We introduce Plan*RAG, a novel framework that enables structured multi-hop reasoning in retrieval-augmented generation (RAG) through test-time reasoning plan generation. While existing approaches such as ReAct maintain reasoning chains within the language model's context window, we observe that this often leads to plan fragmentation and execution failures. Our key insight is that by isolating the reasoning plan as a directed acyclic graph (DAG) outside the LM's working memory, we can enable (1) systematic exploration of reasoning paths, (2) atomic subqueries enabling precise retrievals and grounding, and (3) efficiency through parallel execution and bounded context window utilization. Moreover, Plan*RAG's modular design allows it to be integrated with existing RAG methods, thus providing a practical solution to improve current RAG systems. On standard multi-hop reasoning benchmarks, Plan*RAG consistently achieves improvements over recently proposed methods such as RQ-RAG and Self-RAG, while maintaining comparable computational costs.

Paper Structure

This paper contains 59 sections, 6 equations, 4 figures, 6 tables, 1 algorithm.

Figures (4)

  • Figure 1: Plan$^\ast$RAG improves performance on the HotpotQA benchmark substantially compared to various existing RAG methods, demonstrating the value of externalizing planning as a directed acyclic graph (DAG) outside of the LLM's context.

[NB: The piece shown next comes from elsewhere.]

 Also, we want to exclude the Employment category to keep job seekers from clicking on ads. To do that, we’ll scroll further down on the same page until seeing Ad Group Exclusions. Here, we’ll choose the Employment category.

  • Figure 2: Comparison of RAG approaches: Comparison of different RAG approaches on a HotpotQA multi-hop query. Traditional RAG methods (right) struggle with context management and implicit reasoning, where sequential operators create implicit dependencies. In contrast, Plan$^\ast$RAG (left) generates an explicit reasoning plan as a DAG ($\mathcal{G}$) at test-time, with special tags $\langle$AI,J$\rangle$ enabling dynamic information flow through parent subqueries ($\mathbf{Pa}(q)$). On this example query, while previous approaches fail to identify the correct publication year, Plan$^\ast$RAG successfully decomposes the reasoning process and arrives at the correct answer (1967).

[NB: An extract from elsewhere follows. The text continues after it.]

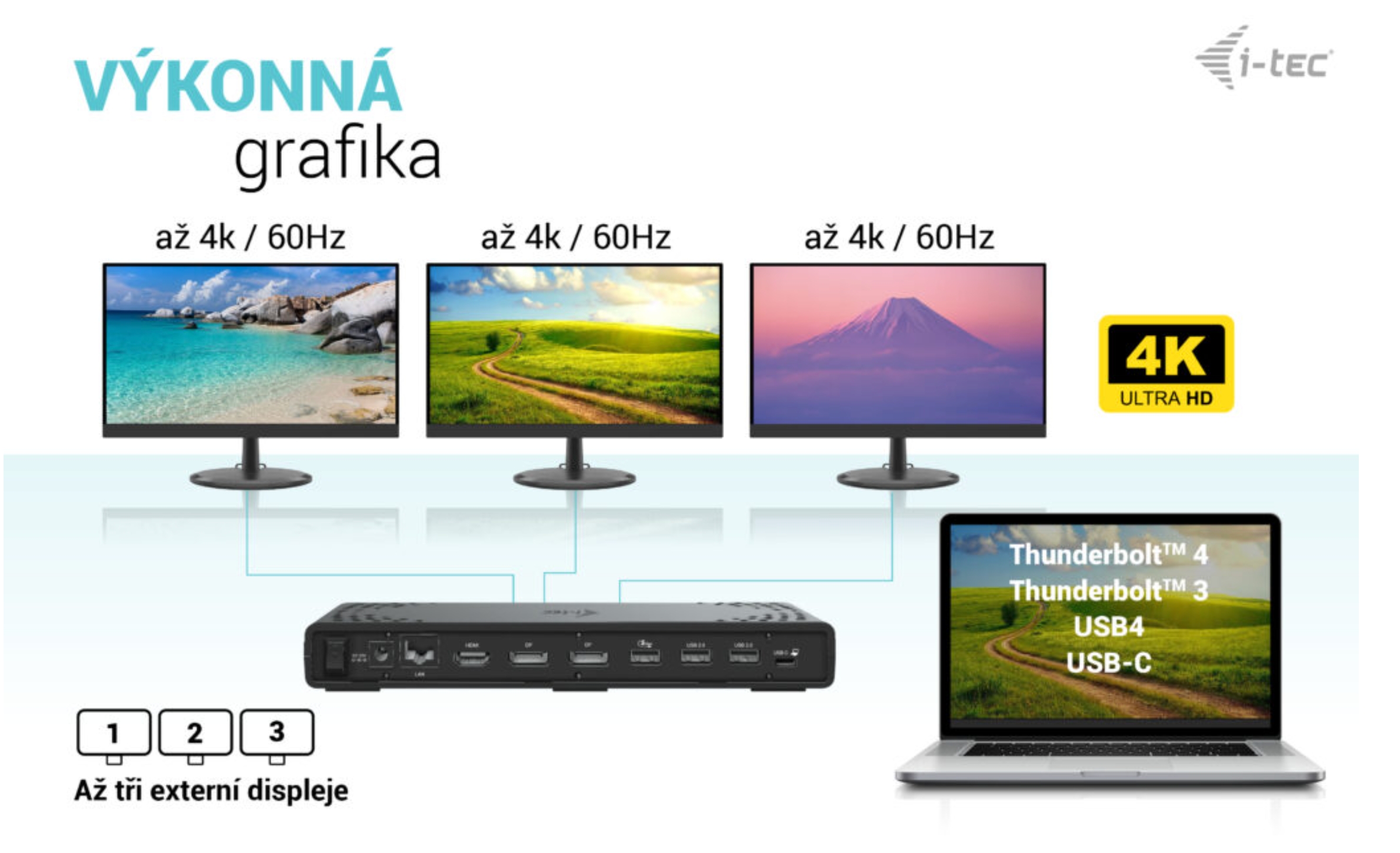 Vysoce výkonná dokovací stanice USB-C nové generace, která podporuje výstup až na tři externí monitory ve vysokém rozlišení až 4K. Dokovací stanici lze používat prakticky se všemi notebooky vybavenými porty USB-C, USB4 a Thunderbolt“ 3/4 a zároveň podporuje všechny běžné současné operační systémy.

  • Figure 3: Reasoning plan example: A Reasoning DAG generated by the reasoning plan expert, highlighting key advantages: only relevant information flows to each subquery, subqueries on the same depth can be executed in parallel, and the DAG structure allows for debugging and backtracking.

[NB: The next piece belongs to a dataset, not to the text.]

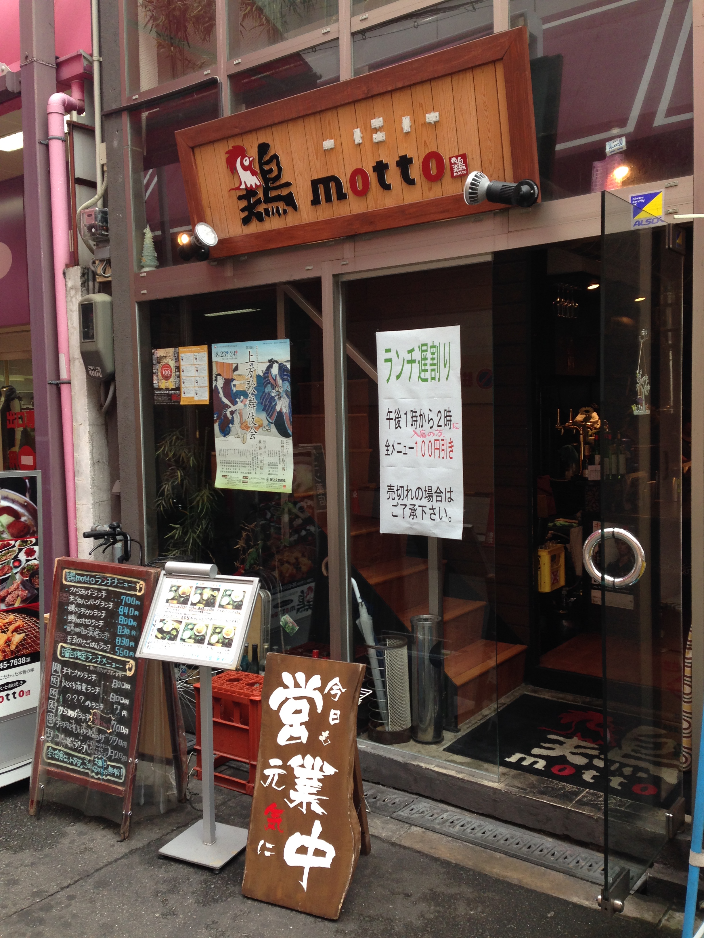 13:00~14:00に入店の方、遅割りとして全メニュー100円引き(売切れの場合も有り)

  • Figure 4: Efficiency analysis: (a) Token utilization comparison showing that Plan$^\ast$RAG maintains comparable computational efficiency with baseline methods. (b) Analysis of reasoning depth on HotpotQA demonstrates that Plan$^\ast$RAG naturally adapts to the dataset's 2-hop nature, achieving optimal depth for 80% of queries while other methods show inconsistent reasoning depths.